The objectives of this second sprint in April 2020 were to:

  1. revisit general policies around ontologies used in the AIRR schema

  2. identify two new ontologies for several fields of the AIRR schema

  3. solve technical questions regarding IDs and providers

General Policies#

The OntoVoc team revisited the criteria for ontologies used in the AIRR schema that it defined in the 11/2018 sprint. While they are still considered to be valid, the team felt that a more detailed guidance could be useful in the process of selecting ontologies for new fields. It therefore evaluated the OBO Foundry Principles, which partially re-iterate some of the existing criteria (e.g., Openness and Maintenance), but also provide additional recommendations, e.g., the presence of textual definitions, clear scope and a common format, which were considered to be valuable additions to the existing guidelines. The team therefore decided to endorse the OBO Foundry Principles, as RECOMMENDED (but NOT REQUIRED) criteria. It should be noted, that this does not make any statement regarding the use of OBO vs. non-OBO ontologies.

Decisions on Pending Items of Sprint 11/2018#

A number of decisions on draft and legacy ontologies as well as root nodes was not officially passed during the last sprint. The team thus revisited and confirmed the following decisions:

  • Use of NCIT for study_type, top node Study (NCIT:C63536).

  • Use of UO for age_unit, top node time unit (UO:0000003).

  • Use of `Gnathostomata (NCBITAXON:7776) as top node for NCBITAXON when used for fields encoding a host species.

  • Use of lymphocyte (CL:0000542) as top node for CL when used for cell_subset.

New Ontologies#

Mouse strain#

Background#

Mouse strain names follow a very elaborate nomenclature that is capable of describing the genetic background, breeding history and introduced mutation in a detailed manner. However, this nomenclature is rarely used correctly (if at all), which creates uncertainty about the identity of strains used in experimental studies. Therefore an ontology or vocabulary compliant to this nomenclature would be of tremendous help for consistent annotation.
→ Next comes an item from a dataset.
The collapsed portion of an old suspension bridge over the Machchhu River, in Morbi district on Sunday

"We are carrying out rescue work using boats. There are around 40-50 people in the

An ontology for the strain_name field was already on the list for the last sprint, however it was not possible to identify a single ontology that would contain comprehensive information about strains from multiple species. This situation created a problem that could not be resolved then. In the meantime, the concept of “extensions” has been introduced to the AIRR schema, which create an additional layer of fields (and associated ontologies) on top of a core schema. As these extensions can be made conditional on the value of fields within the core schema, it has now become possible to have multiple extensions defining the strain_name field, but for different species and therefore with distinct species-specific ontologies.
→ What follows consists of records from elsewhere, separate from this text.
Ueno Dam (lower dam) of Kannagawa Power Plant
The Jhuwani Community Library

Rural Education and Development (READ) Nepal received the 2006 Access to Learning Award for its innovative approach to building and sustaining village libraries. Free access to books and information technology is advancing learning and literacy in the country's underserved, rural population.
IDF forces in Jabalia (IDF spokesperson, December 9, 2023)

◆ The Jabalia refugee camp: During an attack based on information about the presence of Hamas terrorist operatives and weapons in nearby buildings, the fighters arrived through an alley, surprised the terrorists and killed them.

Having addressed this issue, the other key problem that remains is the absence of an actual ontology for mouse strains, while a rat strain ontology exists. Therefore in a first step it is necessary to identify resources that you at least serve as a provider for vocabularies. The two potential candidates that were identified are:

  • MGI: The Mouse Genome Informatics database hosted at JAX aims to be comprehensive in regard to all mouse strains that have been published in the literature.

  • IEDB: The Immune Epitope Database already ran into the problem of a missing mouse ontology and therefore decided to build up their own reference focused on immunologically relevant strains, as part of their Ontie database.
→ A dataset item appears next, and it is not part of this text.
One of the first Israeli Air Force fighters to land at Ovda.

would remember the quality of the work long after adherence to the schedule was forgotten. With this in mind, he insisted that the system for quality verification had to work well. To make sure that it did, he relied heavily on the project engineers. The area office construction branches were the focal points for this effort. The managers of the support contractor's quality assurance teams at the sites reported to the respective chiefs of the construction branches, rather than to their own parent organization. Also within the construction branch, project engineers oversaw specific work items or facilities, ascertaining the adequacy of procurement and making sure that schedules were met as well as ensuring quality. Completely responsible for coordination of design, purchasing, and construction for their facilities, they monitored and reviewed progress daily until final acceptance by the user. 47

Once it is clear which of the resources could be used, it will be necessary to approach the current maintainers regarding their willingness to convert the data into an actual ontology (the RS could serve as a template for this). As this will take longer than just a couple of weeks, the second step is out-of-scope for this sprint.

Evaluation#

  • MGI: The database can be downloaded as a dump, however the licensing conditions are unclear. It contains a total of 60k entries of which 3.2k inbred and 13.8k are congenic strains. The majority of the remaining entries are coisogenic strains, most of them from large- scale gene KO projects.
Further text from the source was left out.